One benefit of IP fragmentation includes allowing communication between networks with different MTU sizes. Networks may have diverse infrastructures, and some networks might have smaller MTU sizes due to various constraints. By fragmenting packets, data can still be transmitted across these networks without requiring network-wide MTU adjustments.
Another benefit of IP fragmentation includes data transfer flexibility enabling the transmission of large packets, such as file transfers or multimedia streams, without the need for packet segmentation on the application layer. This allows applications to send larger chunks of data in a single IP packet, simplifying the data transfer process and potentially reducing the overhead of handling multiple smaller packets.

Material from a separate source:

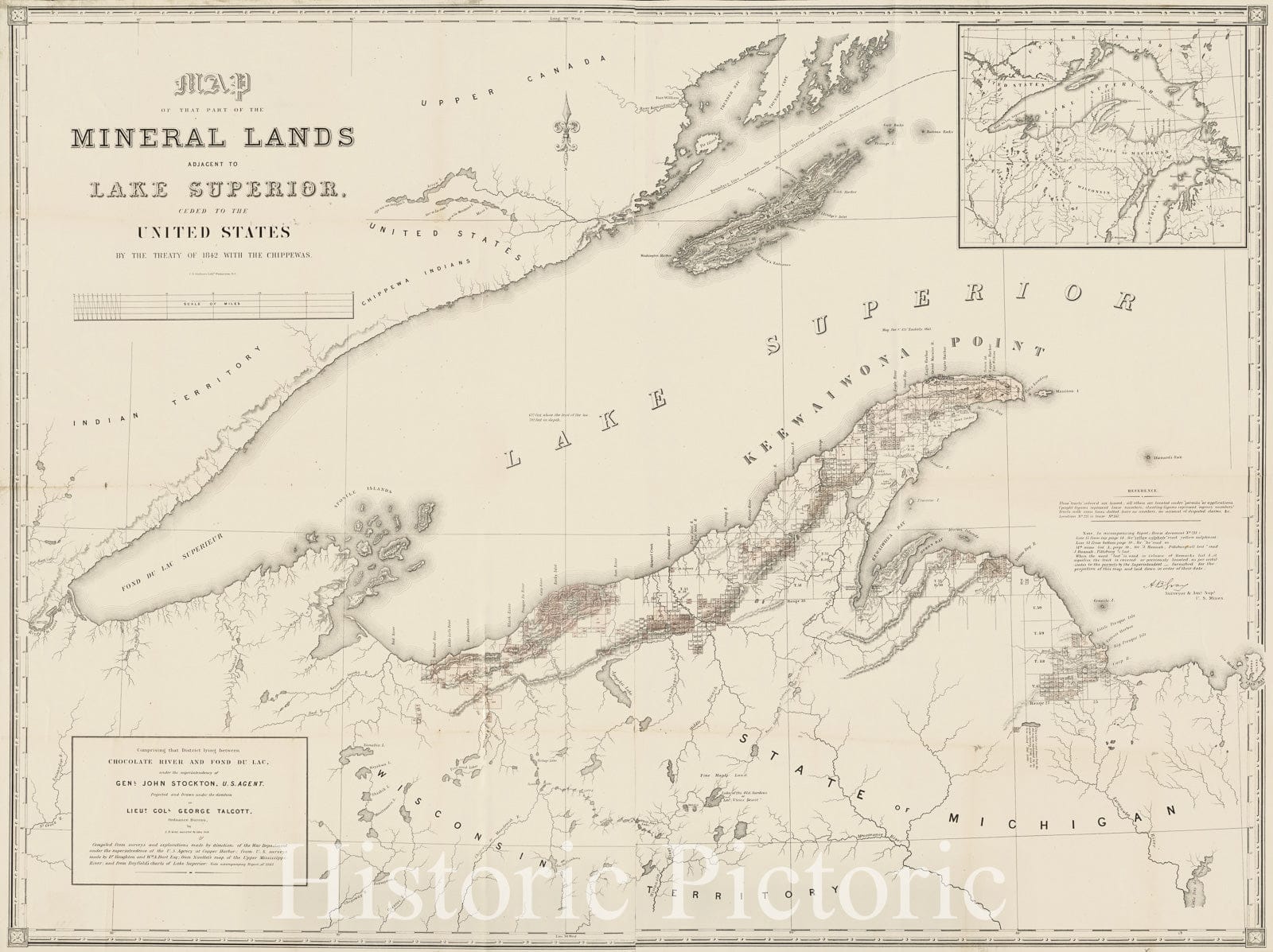 Historical Map, 1845 Map of That Part of The Mineral Lands Adjacent to Lake Superior, ceded to The United States by The Treaty of 1842 with The Chippewas, Vintage Wall Art

However, current IP fragmentation techniques typically rely on software, which is slow and requires processor time that could be used to perform other tasks.
One embodiment described herein is a network interface controller or card (NIC) that includes replicator circuitry configured to replicate a packet to generate a plurality of replicated packets and fragmentation circuitry configured to shrink the plurality of replicated packets to satisfy a MTU size based on unique identifiers assigned to the plurality of replicated packets.
One embodiment described herein is an integrated circuit that includes replicator circuitry configured to replicate an internet protocol (IP) packet to generate a plurality of replicated IP packets and fragmentation circuitry configured to shrink the plurality of replicated IP packets to form packet fragments based on unique identifiers assigned to the plurality of replicated IP packets.
One embodiment described herein is a method that includes replicating, in a NIC, a packet to generate a plurality of replicated packets and shrinking, in the NIC, the plurality of replicated packets to satisfy an MTU size based on unique identifiers assigned to the plurality of replicated packets.
So that the manner in which the above recited features can be understood in detail, a more particular description, briefly summarized above, may be had by reference to example implementations, some of which are illustrated in the appended drawings. It is to be noted, however, that the appended drawings illustrate only typical example implementations and are therefore not to be considered limiting of its scope.
To facilitate understanding, identical reference numerals have been used, where possible, to designate identical elements that are common to the figures. It is contemplated that elements of one example may be beneficially incorporated in other examples.
Various features are described hereinafter with reference to the figures. It should be noted that the figures may or may not be drawn to scale and that the elements of similar structures or functions are represented by like reference numerals throughout the figures. It should be noted that the figures are only intended to facilitate the description of the features. They are not intended as an exhaustive description of the embodiments herein or as a limitation on the scope of the claims. In addition, an illustrated example need not have all the aspects or advantages shown. An aspect or an advantage described in conjunction with a particular example is not necessarily limited to that example and can be practiced in any other examples even if not so illustrated, or if not so explicitly described.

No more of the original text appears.